The highlight of the Seychelles came on our last day there. The sun was shining with a slight breeze to cool off the sun soaked skin of our bodies. It was time for one of our final dips in the Indian Ocean, before we had to go back and begin packing our suitcases. The south side of the island was the only place where there were waves big enough to entertain, exactly where the Banyan Tree was located. As I was going over my favorite moments of the trip, my mother noticed a bottle floating a little farther out. My sister swam out a few yards to grab it and bring it to shore to throw away. “Wouldn’t it be cool if there was a note in it?” I shouted as she grabbed it. After a moment of silence, she screamed, “There is a note in it!” We ran as fast as we could to shore, dried our hands off and opened the bottle. Here is one side of the note we found:

Unfortunately, it was written in German, but it was dated 1945, which sparked our interest.
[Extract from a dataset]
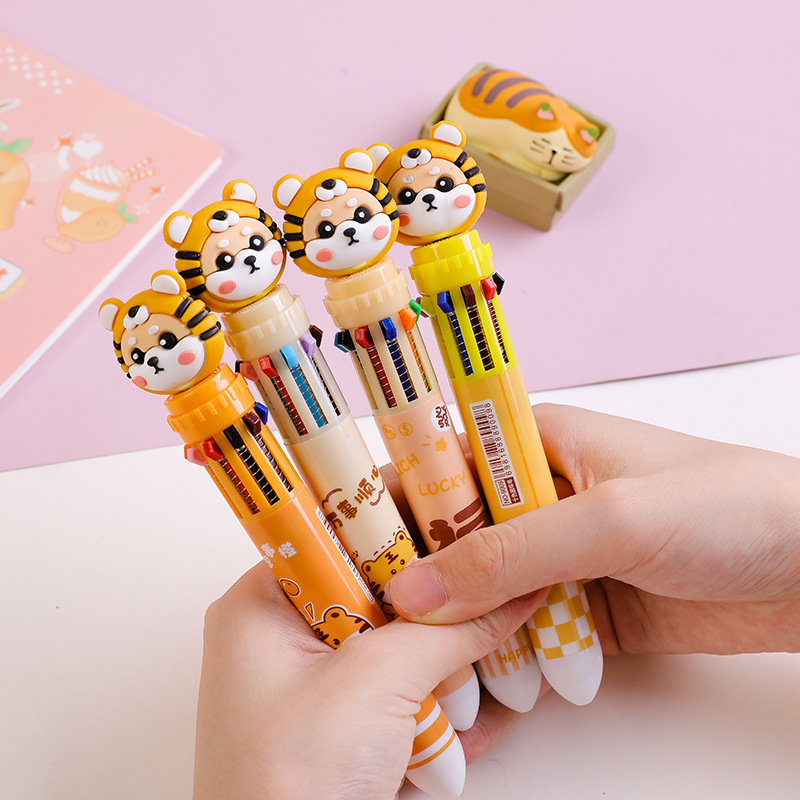 网红小清新创意可爱新款油笔十色网红多功能多色合一10色圆珠笔批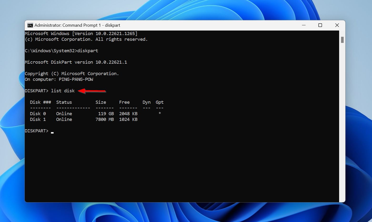 - 类型列出磁盘并按 Enter 键以显示连接到您的 PC 的所有存储磁盘。

There were no guests at the hotel that were from Germany, so I sent the pictures to a friend from Berlin. At first, he thought this was a joke because of the contents of the letter.

22 July, 1945

Dear receiver,

Please do not throw this note away. My fate is extraordinary and unbelievably terrible. I am in need of help. I write in German because only a German can help. The German submarine U34 commander, Admiral Reitz, cast me to this lonely island from where I look for your help. And from it I do not know the name nor the coordinates. Therefore, dear receiver, I am openly admitting that I am an agent, spy, traitor, or whatever you wish to see me. I am working for the British secret service known to the German officials. I was operating in Kenya and was exposed as a traitor. They kidnapped me and brought me to the previously mentioned submarine in attempt to extract my secrets. When I did not break, they left me at this island to break my will until May. But nobody has come. I hate this war and I am willing to reciprocate anyone who helps me I am lacking basic needs – please help me!

Irene von Merenburg

To this day, we still don’t know if the note is a prank, or the resolution to a WWII mystery. Regardless, it was an exciting and interesting way to end the trip. Overall, the Seychelles are some of the most beautiful islands to visit. The pearly white beaches and the turquoise water offers a picturesque paradise. The people are friendly and eager to share stories of their culture. A destination to add to any travelers list indeed!